Hash512 is the centrol routine in this program.  It is used in this program
   in a linear fashion -- i.e., a sequential file is hashed down by repeated
   applications of Hash512.  Changing a single bit in the file would then
   require completely re-computing the hash from the point of change onward.

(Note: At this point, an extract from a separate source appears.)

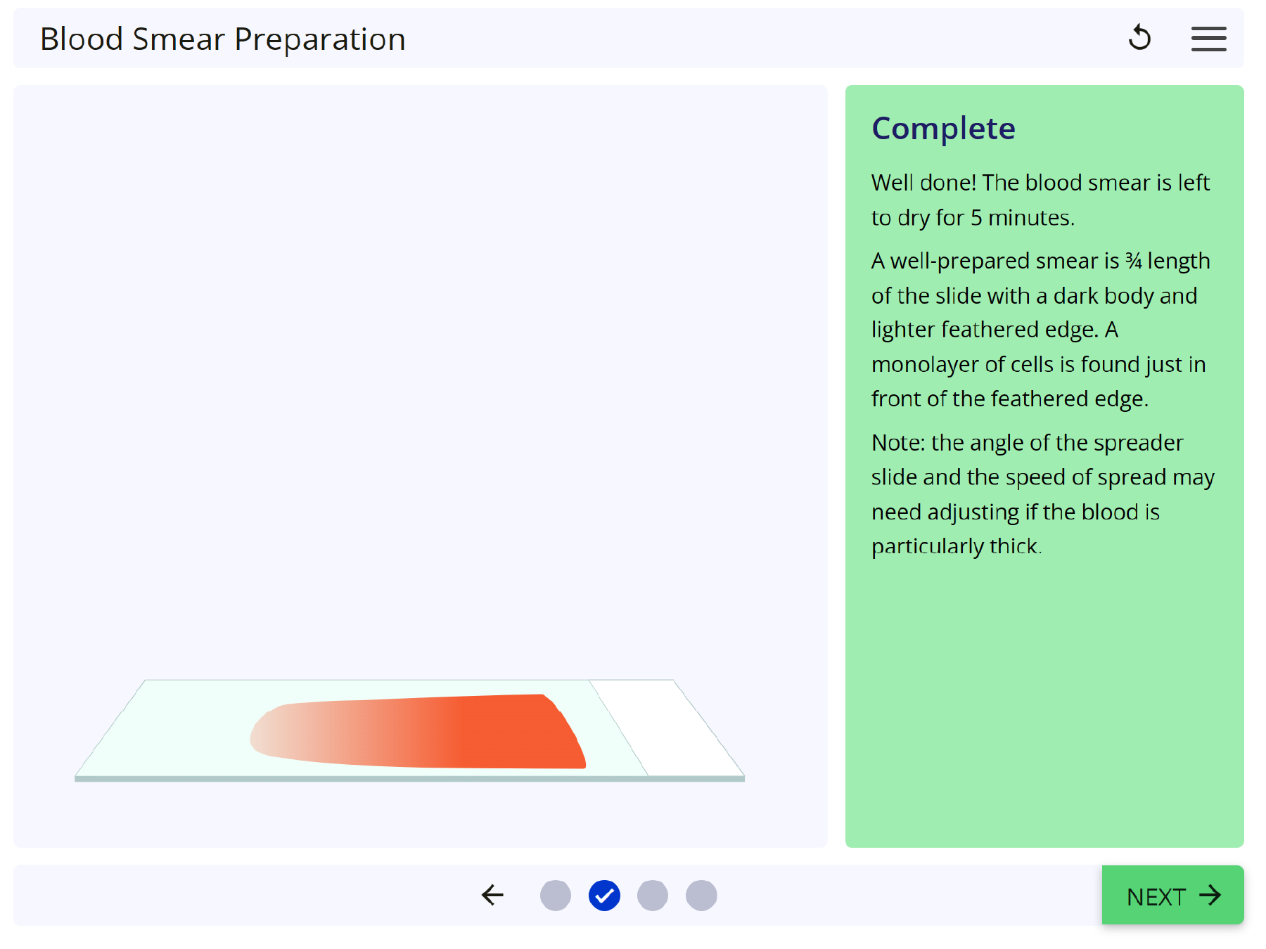 Learn about the equipment and steps involved in preparing a blood smear, and the decisions that need to be made during the process. Practise preparing a blood smear and identify the reasons for suboptimal smears.

Hash512 can be used in a tree-structured fashion to authenticate a large
   table of data. This would imply that changing a single bit would not force
   a complete re-computation of the hash value, but would instead require
   only log n re-computations of Hash512 to 'patch up' the changes along the
   path from the root to the changed leaf entry. A tree-structured
   application also has the advantage that any single entry in the table can
   subsequently be authenticated by someone who knows only the
   'authentication path' from the root of the tree to the leaf entry.  These
   concepts are discussed more thoroughly in 'Secrecy, Authentication, and
   Public Key Systems' by Ralph C. Merkle, UMI Research Press, 1982 (see
   particularly Chapter 2, 'One Way Hash Functions').  The use of a
   tree-structured pattern of applications of a one-way hash function is
   covered by U.S. Patent #4,309,569, 'Method of Providing Digital
   Signatures' (contact Stanford University, Office of Technology Licensing).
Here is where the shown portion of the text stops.